◆ **Activity**: Using the records below, write out only the lines from the line containing "Zustand, siehe Scan, gelaufen, 1916" up to and including the line containing "Martha Stewart Women’s", exactly, with no pictures.

◆ **Entries supplied**:
• • •

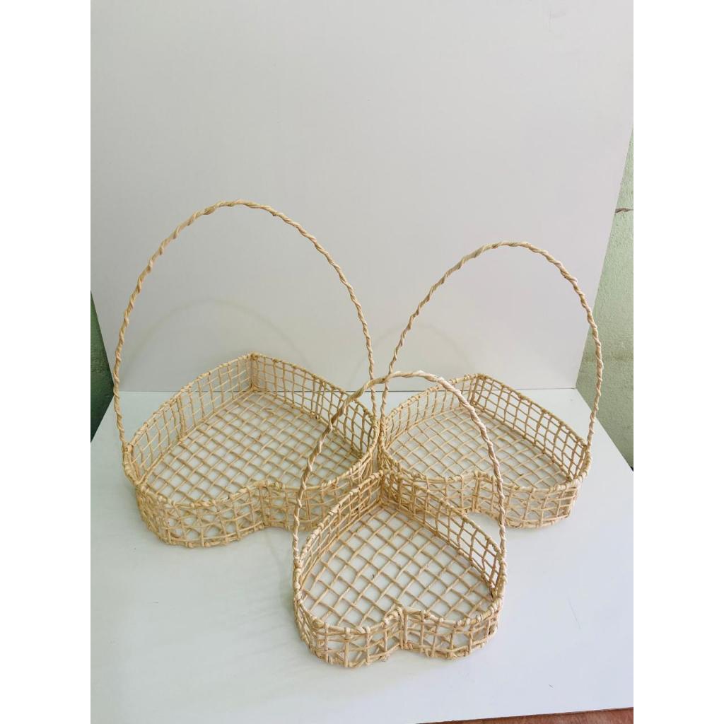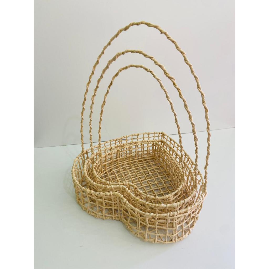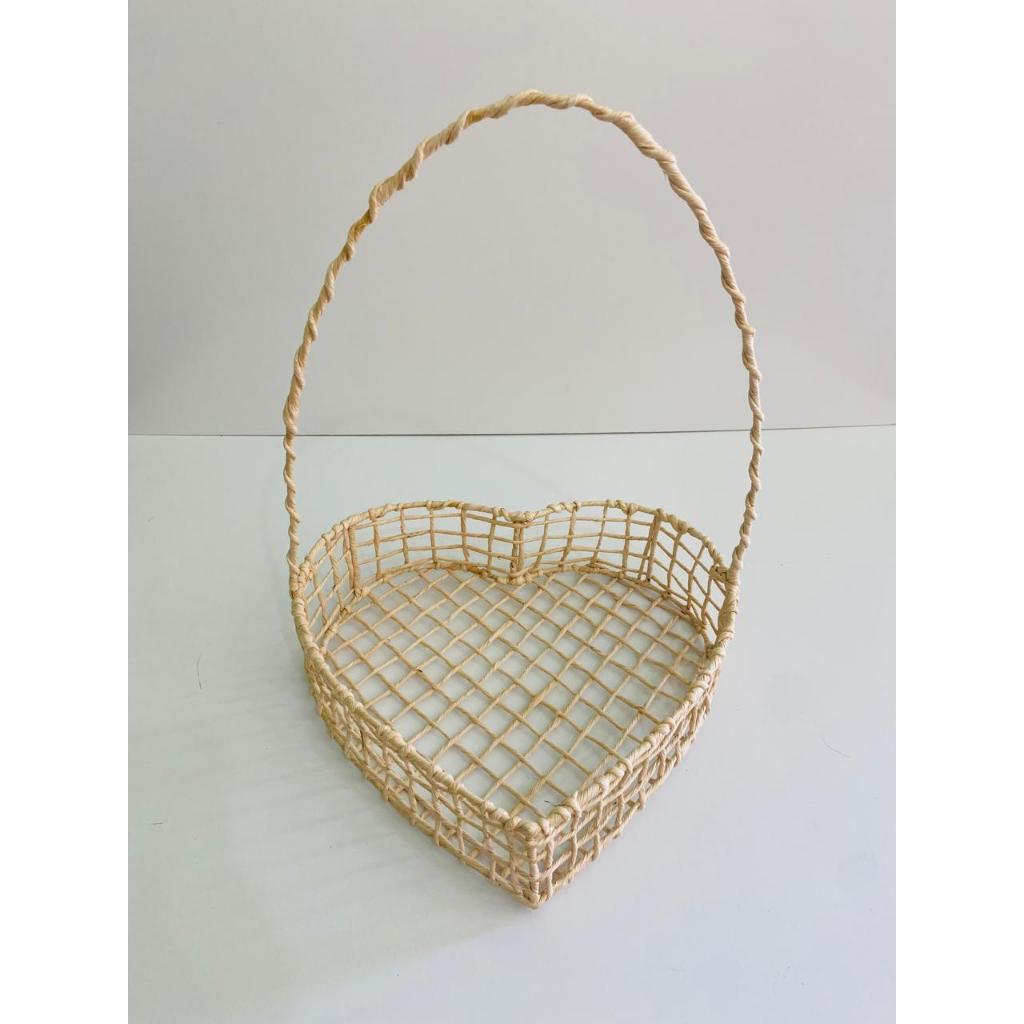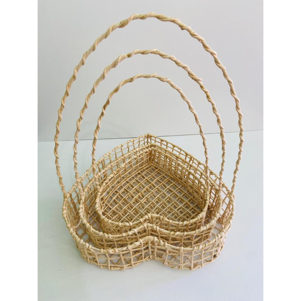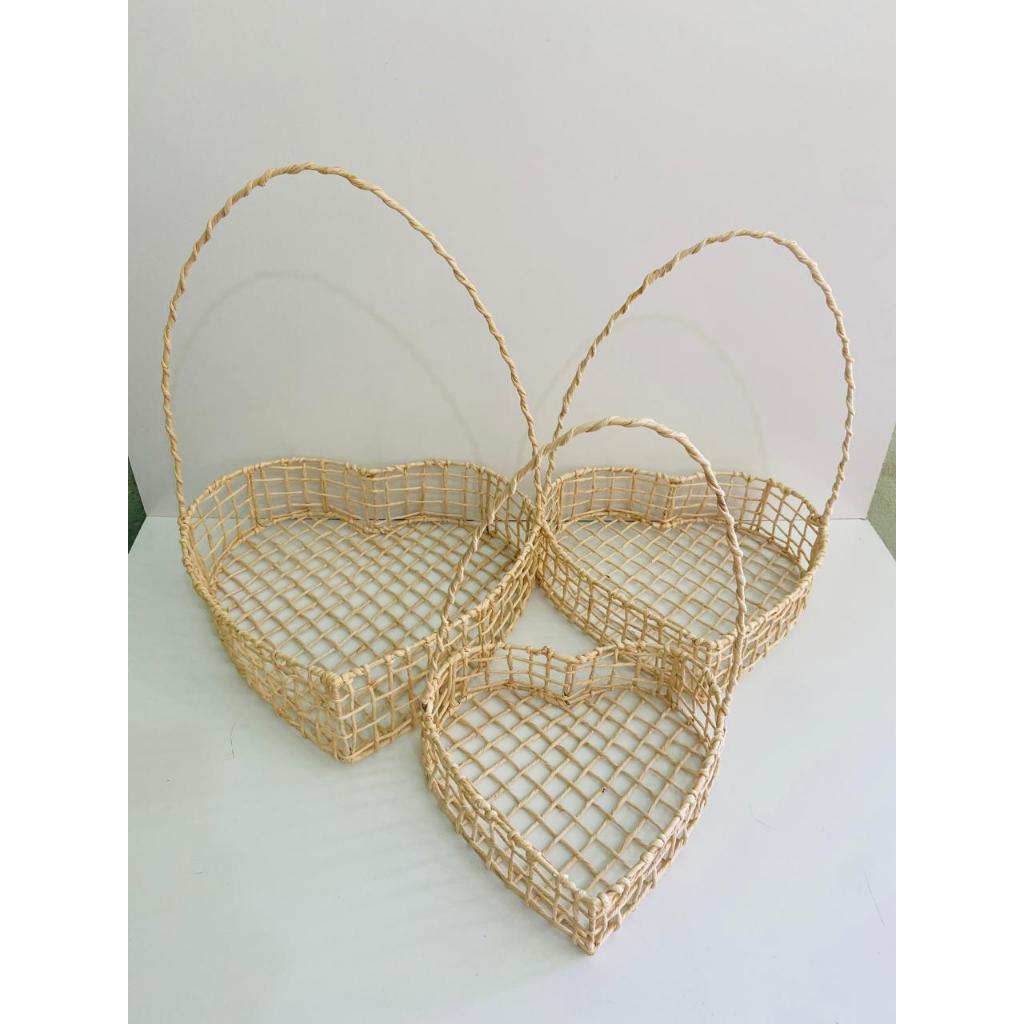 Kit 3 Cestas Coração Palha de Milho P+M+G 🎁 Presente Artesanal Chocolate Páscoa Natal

• • •

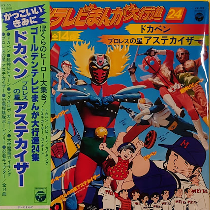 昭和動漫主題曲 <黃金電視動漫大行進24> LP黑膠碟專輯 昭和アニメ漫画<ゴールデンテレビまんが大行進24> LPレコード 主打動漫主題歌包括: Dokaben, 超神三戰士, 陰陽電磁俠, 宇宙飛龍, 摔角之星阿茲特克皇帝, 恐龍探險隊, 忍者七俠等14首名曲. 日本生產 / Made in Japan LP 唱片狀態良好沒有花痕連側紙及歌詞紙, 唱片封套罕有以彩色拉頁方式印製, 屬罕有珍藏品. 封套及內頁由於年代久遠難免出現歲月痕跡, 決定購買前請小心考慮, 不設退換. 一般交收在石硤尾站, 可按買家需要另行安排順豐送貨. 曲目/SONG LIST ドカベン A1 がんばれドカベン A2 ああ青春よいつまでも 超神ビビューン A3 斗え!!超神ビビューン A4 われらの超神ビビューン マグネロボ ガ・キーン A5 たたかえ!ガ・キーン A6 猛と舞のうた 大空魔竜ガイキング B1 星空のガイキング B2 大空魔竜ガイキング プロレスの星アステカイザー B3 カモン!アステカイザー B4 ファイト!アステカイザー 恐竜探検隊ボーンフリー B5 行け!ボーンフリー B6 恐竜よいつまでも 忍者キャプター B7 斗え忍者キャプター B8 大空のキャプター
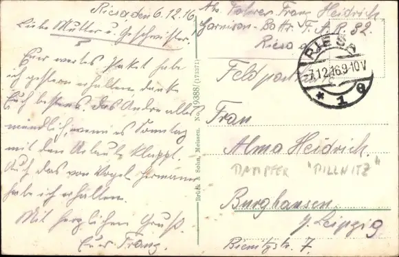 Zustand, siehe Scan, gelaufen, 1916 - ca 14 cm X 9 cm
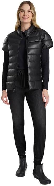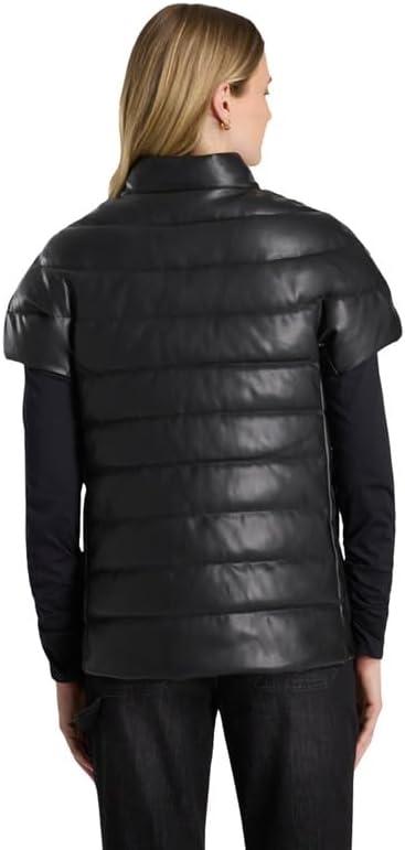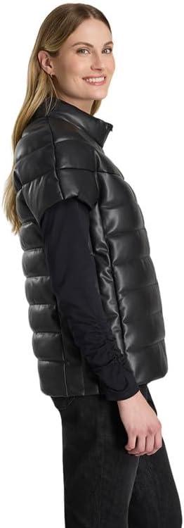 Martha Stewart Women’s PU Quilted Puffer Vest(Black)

• • •

◆ **Exercise result**:
 Zustand, siehe Scan, gelaufen, 1916 - ca 14 cm X 9 cm
 Martha Stewart Women’s PU Quilted Puffer Vest(Black)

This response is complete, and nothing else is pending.